## Task requirements
In the listing below, start your output at the line with "次に屋根の下塗りです。今回施工する屋根材は『アスファルトシングル』です。" and end it after the line with "Lutim,sulselwartaglobal.id - Guna", copying every line exactly.

## The input
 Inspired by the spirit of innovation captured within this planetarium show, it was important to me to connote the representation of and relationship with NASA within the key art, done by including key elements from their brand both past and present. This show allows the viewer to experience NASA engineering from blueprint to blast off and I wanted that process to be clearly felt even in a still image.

* * *

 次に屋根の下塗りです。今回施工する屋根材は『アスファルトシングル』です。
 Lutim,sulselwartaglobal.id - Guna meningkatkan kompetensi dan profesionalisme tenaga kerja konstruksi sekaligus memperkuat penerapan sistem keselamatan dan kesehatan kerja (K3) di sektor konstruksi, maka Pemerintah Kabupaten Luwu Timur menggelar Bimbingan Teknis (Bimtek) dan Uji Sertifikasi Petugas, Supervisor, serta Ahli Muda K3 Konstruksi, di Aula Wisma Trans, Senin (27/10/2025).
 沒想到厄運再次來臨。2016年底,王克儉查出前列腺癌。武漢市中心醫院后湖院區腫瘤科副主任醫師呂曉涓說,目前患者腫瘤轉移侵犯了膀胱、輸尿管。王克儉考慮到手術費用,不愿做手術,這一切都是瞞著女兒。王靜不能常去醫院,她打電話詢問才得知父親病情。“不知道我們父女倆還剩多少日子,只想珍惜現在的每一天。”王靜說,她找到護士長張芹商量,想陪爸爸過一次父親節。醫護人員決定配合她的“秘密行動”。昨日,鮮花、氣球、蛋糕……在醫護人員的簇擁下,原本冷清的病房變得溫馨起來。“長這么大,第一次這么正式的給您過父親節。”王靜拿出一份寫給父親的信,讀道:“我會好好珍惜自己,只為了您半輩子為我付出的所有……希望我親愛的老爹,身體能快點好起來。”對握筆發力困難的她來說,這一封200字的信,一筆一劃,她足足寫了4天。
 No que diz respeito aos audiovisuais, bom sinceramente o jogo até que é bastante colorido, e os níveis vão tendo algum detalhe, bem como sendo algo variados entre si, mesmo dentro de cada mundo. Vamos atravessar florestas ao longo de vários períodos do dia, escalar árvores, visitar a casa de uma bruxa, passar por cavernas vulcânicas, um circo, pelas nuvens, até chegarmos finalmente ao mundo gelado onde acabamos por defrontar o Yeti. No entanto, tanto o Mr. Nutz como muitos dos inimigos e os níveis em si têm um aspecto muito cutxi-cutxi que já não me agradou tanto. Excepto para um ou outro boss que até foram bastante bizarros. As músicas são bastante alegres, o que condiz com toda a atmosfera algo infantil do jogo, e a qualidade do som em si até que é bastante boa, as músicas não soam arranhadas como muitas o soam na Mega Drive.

## Expected output
 次に屋根の下塗りです。今回施工する屋根材は『アスファルトシングル』です。
 Lutim,sulselwartaglobal.id - Guna meningkatkan kompetensi dan profesionalisme tenaga kerja konstruksi sekaligus memperkuat penerapan sistem keselamatan dan kesehatan kerja (K3) di sektor konstruksi, maka Pemerintah Kabupaten Luwu Timur menggelar Bimbingan Teknis (Bimtek) dan Uji Sertifikasi Petugas, Supervisor, serta Ahli Muda K3 Konstruksi, di Aula Wisma Trans, Senin (27/10/2025).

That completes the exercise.